Striking The Right Tone With Station Eleven Was A Challenge For Director Jeremy Podeswa

One of the best shows to come out of HBO Max so far is "Station Eleven," the 10-episode mini-series that covers before, during, and after an apocalyptic pandemic. It's a show that jumps around to a whole bunch of different characters, many of them strangers to each other, and gradually shows us how they're all connected. But for director Jeremy Podeswa, who directed the second episode ("A Hawk from a Handsaw"), the ninth episode ("Dr. Chaudhary"), and the finale ("Unbroken Cycle"), the hardest part was getting the tone right.

"It's a delicate kind of thing because when you're dealing with emotional terrain, you can't exhaust the audience emotionally," Podeswa said. The finale in particular was a tough balancing act, as it featured a lot of emotional payoffs to storylines that have been going on for a while, and it was easy for one of them to get overshadowed by the others. "You have emotional scene after emotional scene after emotional scene and it's like, you want them all to land and it's almost impossible to do that."

Podeswa described the emotional beats in the finale of "Station Eleven" in particular as less of a rollercoaster, and more like a series of waves. There would be moments of intense emotion, followed by general levity, followed by intense emotion again, this time a little stronger. The goal, as he put it, was to "manage to be emotional without exhausting the audience and without them feeling manipulated."

Where to place what

That's probably why "Unbroken Cycle" feels like such a strong, satisfying conclusion to the show, even if certain storylines weren't as compelling as the others. The finale has Tyler (Daniel Zovatto) and his mother Elizabeth (Caitlin FitzGerald) make their amends, a sweet moment that's undercut by how Tyler has spent a lot of the past two decades as a cult leader with a bunch of child soldiers. "Station Eleven" seemed aware, on some level, that the storyline between Tyler and his mother (expanded and changed significantly from the book) was a little too messy to work as a closing note of the show, so they resolved it early on.  

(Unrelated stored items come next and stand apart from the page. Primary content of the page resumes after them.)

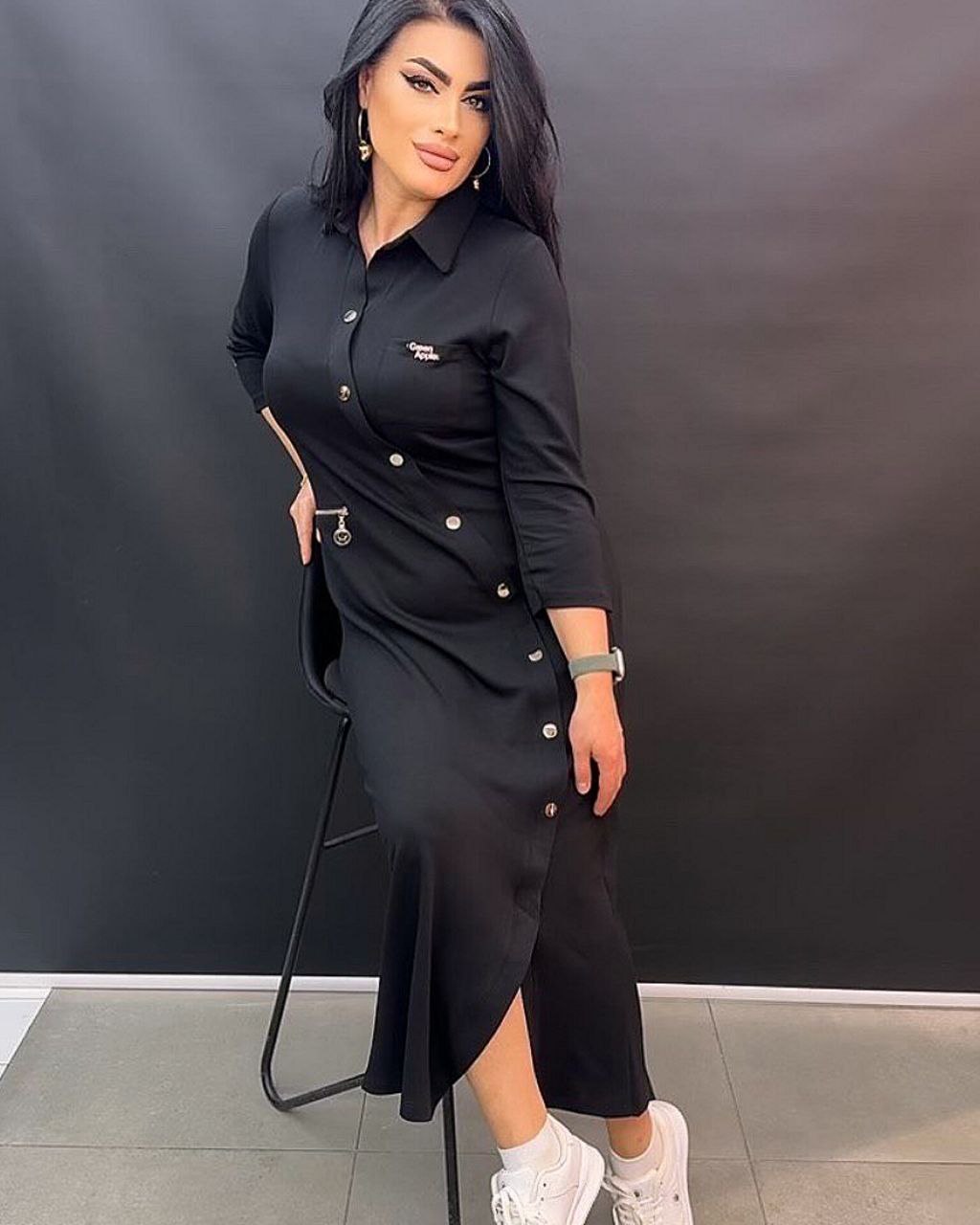 Стильное платье интересного покроя. Ткань трикотаж имеет хорошую растяжимость, рукав 3/4, два действующих кармана с фурнитурой, воротничок. Изделие отлично садится по фигуре, планка вытягивает силуэт и струнит. Платье хорошо сочетается как с кроссовками, так и обувью на каблуке.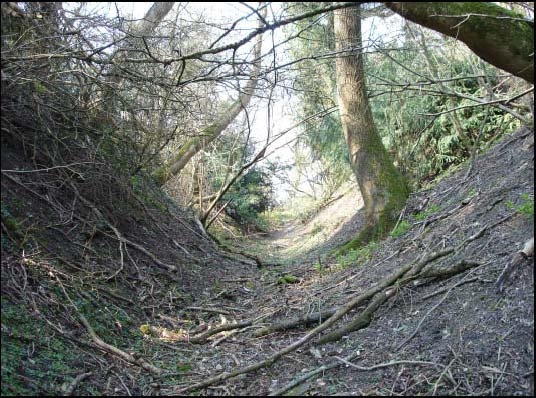 These two kilns are thought to be the last phase of the lime works, designed to be fired continuously over a three month period (information C Richards). They clearly represent the remains of a substantial local industry. Below and south of both kilns is a flat work area, which leads into the remains of a hollow way, which would have once linked with the lane to the south.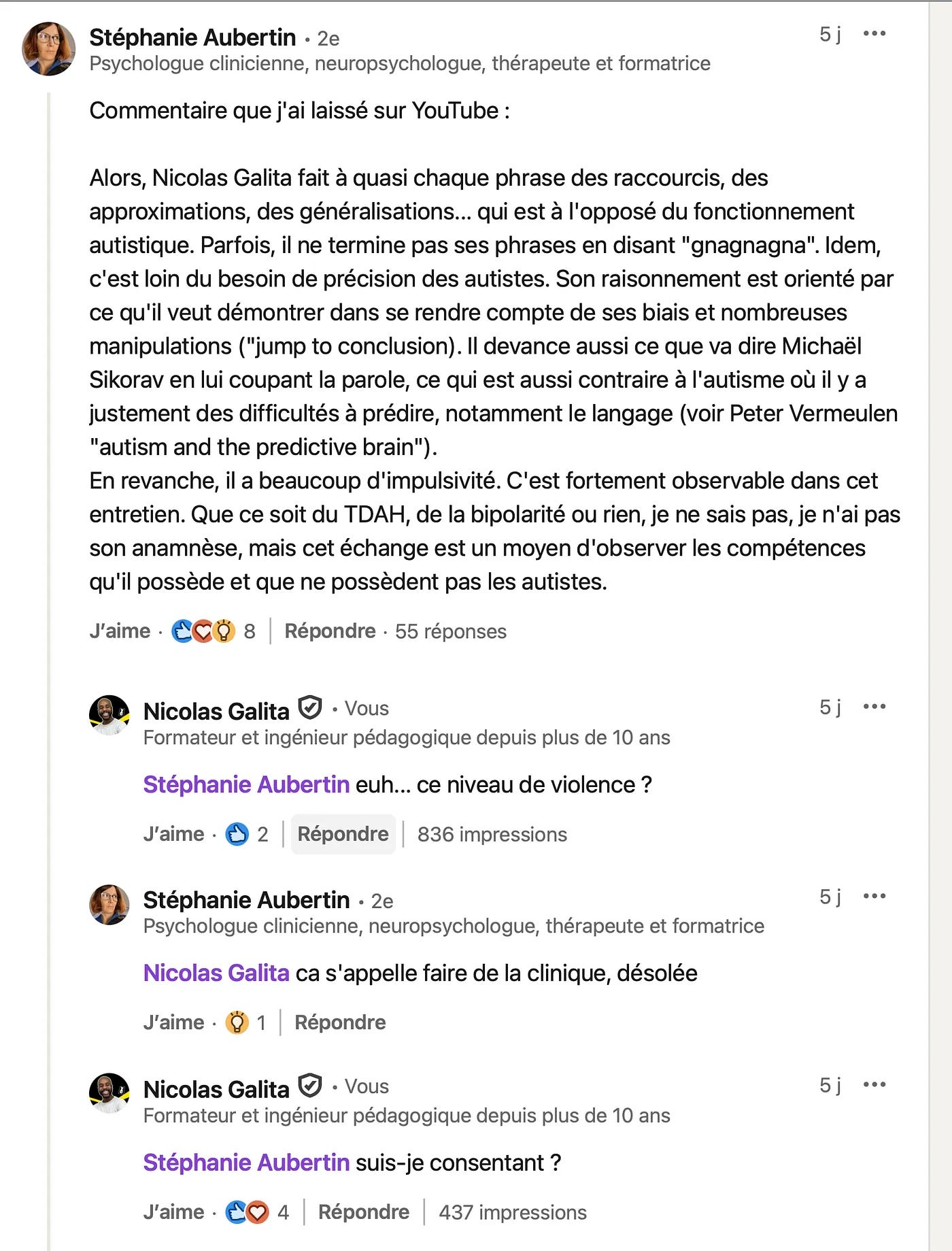 Il devance aussi ce que va dire Michaël Sikorav en lui coupant la parole, ce qui est aussi contraire à l’autisme où il y a justement des difficultés à prédire, notamment le langage (voir Peter Vermeulen “autism and the predictive brain”).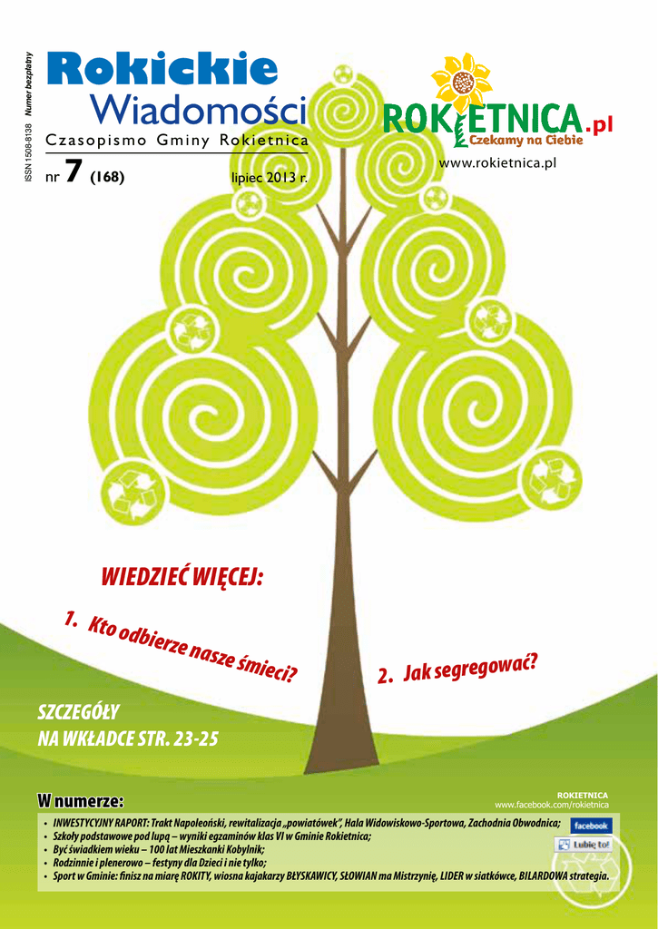 ISSN 1508-8138 Numer bezpłatny Rokickie Wiadomości Czasopismo Gminy Rokietnica nr 7 (168) lipiec 2013 r. www.rokietnica.pl WIEDZIEĆ WIĘCEJ: 1. Kto odbier ze nas ze śmi eci? ? ać 2. Jak segregow SZCZEGÓŁY NA WKŁADCE STR. 23-25 W numerze: • • • • • ROKIETNICA www.facebook.com/rokietnica INWESTYCYJNY RAPORT: Trakt Napoleoński, rewitalizacja „powiatówek”, Hala Widowiskowo-Sportowa, Zachodnia Obwodnica; Szkoły podstawowe pod lupą – wyniki egzaminów klas VI w Gminie Rokietnica; Być świadkiem wieku – 100 lat Mieszkanki Kobylnik; Rodzinnie i plenerowo – festyny dla Dzieci i nie tylko; Sport w Gminie: finisz na miarę ROKITY, wiosna kajakarzy BŁYSKAWICY, SŁOWIAN ma Mistrzynię, LIDER w siatkówce, BILARDOWA strategia. Drodzy Czytelnicy! Czerwiec zdobny we wszystko to, czym przyroda potrafi zachwycić, zawsze niósł ze sobą optymizm. Wywoływany myślą o czasie przerwy w rocznym cyklu zmagań i tysiąca zajęć, oprócz odkrywanych na nowo i jedynych w swoim rodzaju zapachów i dźwięków lata, wydobywa pokłady przychylności i ludzkiego solidaryzmu. Gdzieś głęboko ukryte na co dzień, jakby w obawie przed niepożądaną otwartością , kojarzoną mylnie z infantylizmem, stają się dziwnie bliskie, by nie powiedzieć niezbędne. Poszukiwanie wspólnych odniesień, zastępowanie kontrastów nagle bez trudu i z pasją odkrywanymi wspólnymi korzeniami, jest namiętnie celebrowanym zwyczajem. Zwłaszcza podczas zagranicznych wojaży. Wtedy każdy Polak to brat, dziedzic chrześcijańskich wartości i spadkobierca wielowiekowej europejskiej tradycji. Jakby za dotknięciem czarodziejskiej różdżki na plan dalszy odchodzą małe spory i waśnie. Wszystko bowiem czym jesteśmy zdecydowanie bardziej nas łączy, niż dzieli. Dlaczego jednak tylko na chwilę? Prezydent Komorowski podjął w tym roku, właśnie w czerwcu, w rocznicę pamiętnych wyborów z 1989 r., przypadających w 4. dzień tego miesiąca, próbę zbudowania identyfikowalnej dla wszystkich i teoretycznie przez nikogo niekrytykowanej wartości. Jej ideą jest przeświadczenie o łączącym nas wszystkich szacunku dla wolności. Stąd Święto Wolności właśnie, trochę wykreowane, trochę wywołujące zdziwienie. Budzące pytanie o powód wyróżnienia właśnie tego wydarzenia spośród wielu innych, może bardziej bezsprzecznych? Po co jednak pytać – zaakceptujmy zwyczajnie ten dzień jako symbol. Bezkrwawych zmian, optymizmu, początku nowej rzeczywistości, w której zamiast waśni i sporów o przywilej definiowania wolności, zaczniemy na jej fundamencie tworzyć wspólną przestrzeń. Miejsce w niej powinno znaleźć się dla każdego, bez względu na przekonania tego, kto dzięki przywilejowi wolności uzyskał demokratyczny mandat do sprawowania władzy. Zapraszam do lektury. Danuta Potrawiak Redaktor Naczelny „Rokickich Wiadomości” Rokietnica PO RAZ VI zaprasza na RUMPUĆ Już 7 września 2013 roku GOTUJĄ się niezapomniane wrażenia. Na znanym i lubianym placu za Stacją „BLISKA”, u zbiegu ulicy Szkolnej z Traktem Napoleońskim w Rokietnicy, szykuje się wielkie Z(a)MIESZANIE. ZGOTUJEMY mnóstwo kulturalnych i kulinarnych atrakcji, PRZYPRAWIAJĄC naszych Gości o szybsze bicie serc. ZASMAKUJEMY w niepowtarzalnej atmosferze plenerowej zabawy, DELEKTUJĄC się jedynym w swoim rodzaju widowiskiem. Mając APETYT na ponowne spotkanie w plenerze ROKIETNICA GORĄCO ZAPRASZA NA RUMPUĆ, który ODKRYJE przed nami swoje największe tajemnice! SKOSZTUJEMY RUMPUCIA z jajem – w KABARETOWEJ OPRAWIE I TOWARZYSTWIE. CZERPIĄC z bogactwa sołeckich stoisk, naturalnej radości i PARY, z jaką BUZUJĄ emocje. PrzyGOTUJCIE się na niezapomniane wrażenia muzyczne i konkursowe, DOPRAWIONE szczyptą humoru, garścią uśmiechu i wzajemnej życzliwości. „Chochliczny” i „garncarski” RUMPUĆ przyRZĄDZI… naGMINNIE bestSELEROWĄ imprezę! Zapraszamy do współpracy organizacyjnej i sponsorskiej wszystkich fanów RUMPUCiowej fiesty KONTAKT I WSZELKIE INFORMACJE: Katarzyna Filipowiak- Łuczyńska mł. inspektor ds. organizacji i współpracy tel. (61) 89 60 619 kom. 691 293 022 e-mail: [email protected] www.rokietnica.pl Rokickie Wiadomości Wydawca: Gmina Rokietnica Adres: ul. Golęcińska 1, 62-090 Rokietnica, tel 61-89-60-614 Redaktor naczelny: Danuta Potrawiak zaprasza codziennie w godzinach pracy Urzędu Gminy Zespół redakcyjny: Ryszard Lubka, Katarzyna Filipowiak-Łuczyńska, Anna Skrzypiec Współpraca: Anna Adamkiewicz, Gabrysia Anglart, Alicja Ankudowicz, Radosław Babica, L. Bigos, Magdalena Błaszczyk, M. Budzicz, Maria Cierpikowska, Maria Chojnacka, Arkadiusz Chołżyński, Michał Cieciora, K. Czyż, Andrzej Deckert, Katarzyna Dobrochowska - Łopuch, Malwina Dokowicz, M. Dubas, Magdalena Dziel - Sierszuła, Katarzyna Filipowiak - Łuczyńska, Kazimierz Fryś, Joanna Gawenda - Wróblewska, Robert Górny, Piotr Hałas, Jagoda Haussa, Izabela Janeczek - Płóciennik, Piotr Janowski, Bogdan Andrzej Jeran, Anna Kamińska, Sylwia Kiejnich, Celina Kiełbasiewicz, Joanna Kriger - Bronowicka, Beata Kucharska, Ks. Maciej Kweiser, Ewa Lepsza, Róża Lubka, Edyta Łuckiewicz - Laskowska, Sławomir Machaj, Filip Mazur, Joanna Miecznik, Lidia Napierała, Jacek Olejniczak, Michał Piszora, Anna Politowicz - Piszora, Michał Potrawiak, Daniel Powałowski, Krystyna Semba, Agnieszka Sip, Anna Skrzypiec, A. Smólska - Radziejczak, I. Speina, Kazimierz Szulc, Emilia Świst, Katarzyna Trojan, A. Tylczyńska, Małgorzata Urbanowicz, Aneta Wendland, Karolina Władysiak, Halina Wroniecka, D. Zalewska lipiec 2013 Zadanie na wakacje. „TRAKTując rzecz OBIEKTYWnie”, czyli doroczny Konkurs Fotograficzny... Szczegóły regulaminu i niezbędne informacje na www.rokietnica.pl, zakładka KONKURSY oraz pod nr telefonu: (61) 89 60 619 i adresem mailowym: [email protected]. Redakcja zastrzega sobie prawo do skrótu i opracowywania materiałów. Za treść reklam i ogłoszeń redakcja nie odpowiada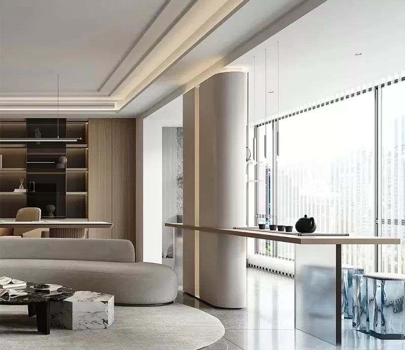 The curved design of the columns cleverly eliminates any sense of abruptness, creating a soft and elegant spatial aesthetic that blends seamlessly into the living room.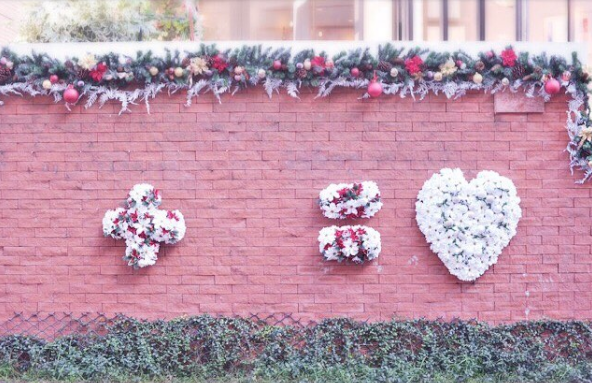 重點來了!這個會讓少女們尖叫的超可愛拍照區,其實就只是「一面牆」罷了。但千萬別小看它,因為上頭特別用花花草草佈置成了有+號、 =號,以及❤的意境牆,讓妳不管是跟家人、朋友,甚至是戀人來拍都好有FU〜

Afterward, there are still over twenty minutes left in this episode, showing us how Miranda (Danielle Deadwyler) saved everyone at the airport's life in her dying moments. It's another scene that's exclusive to the show, one that sort of brilliantly adds to the book's theme of strangers' lives intertwining in unexpected ways. In most shows, this would be the most emotional moment of the episode, but here it's soon followed by the reunion of Kirsten (Mackenzie Davis) and Jeevan (Himesh Patel), who've been separated for nearly 20 years. It's what audiences were most invested in, so they saved it for last. 

Podeswa doesn't even know how they managed to make it as emotional as it did, but it didn't hurt that "the script was so strong and the actors were so incredible." In the end, he concluded: "It's just honest, genuine, real emotion and I think people have been responding to it and that's kind of great."